In an article today at findlaw.com, professors Vikram Amar and Alan Brownstein discuss the issues of the case and argue that the appeals court's ruling is "in serious error" and should be corrected. Most specifically, their definition of "substantial burden" – the authors claim – is plainly insufficient and misses the point of the religious freedom legislation.

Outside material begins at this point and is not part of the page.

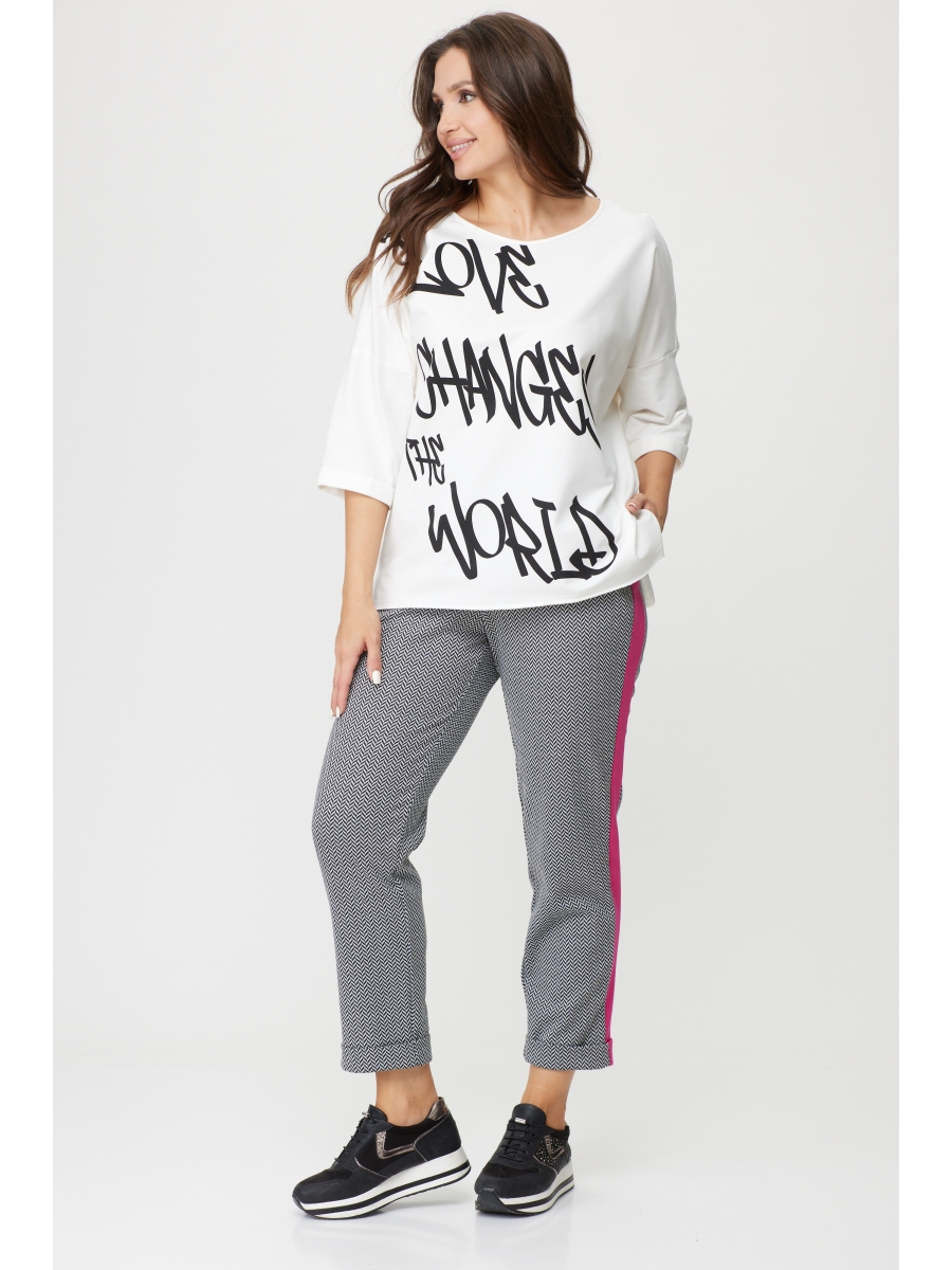 Брюки свободного кроя длиной 7/8, зауженные к низу, по низу брюк цельнокроеная манжета - отворот. По бокам с контрастными лампасами, в боковых швах карманы, пояс на резинке. Оба изделия смело можно сочетать с другими вещами вашего гардероба.

What the court has done here is to formally exclude one kind of burden from the coverage of RFRA. Again, the court held that government interference with religious exercise that does not coerce a practitioner's choice by threatening sanctions or denying benefits requires no justification from the government — regardless of how direct and heavy the burden might be. Under that analysis, the state's use of physical force and power to prevent the exercise of religion can never support a claim under RFRA. Excluding such cases from the coverage of RFRA, however, contributes nothing to solving the real problem courts confront in interpreting RFRA deciding when a burden is too attenuated or insubstantial to warrant review under the statute. Under the Ninth Circuit's standard, those core issues remain unresolved for all the cases in which coercion can be alleged. All that the Ninth Circuit has accomplished is the rejection of one category of RFRA claims and this categorical rejection seems arbitrary, given the history and purpose of RFRA.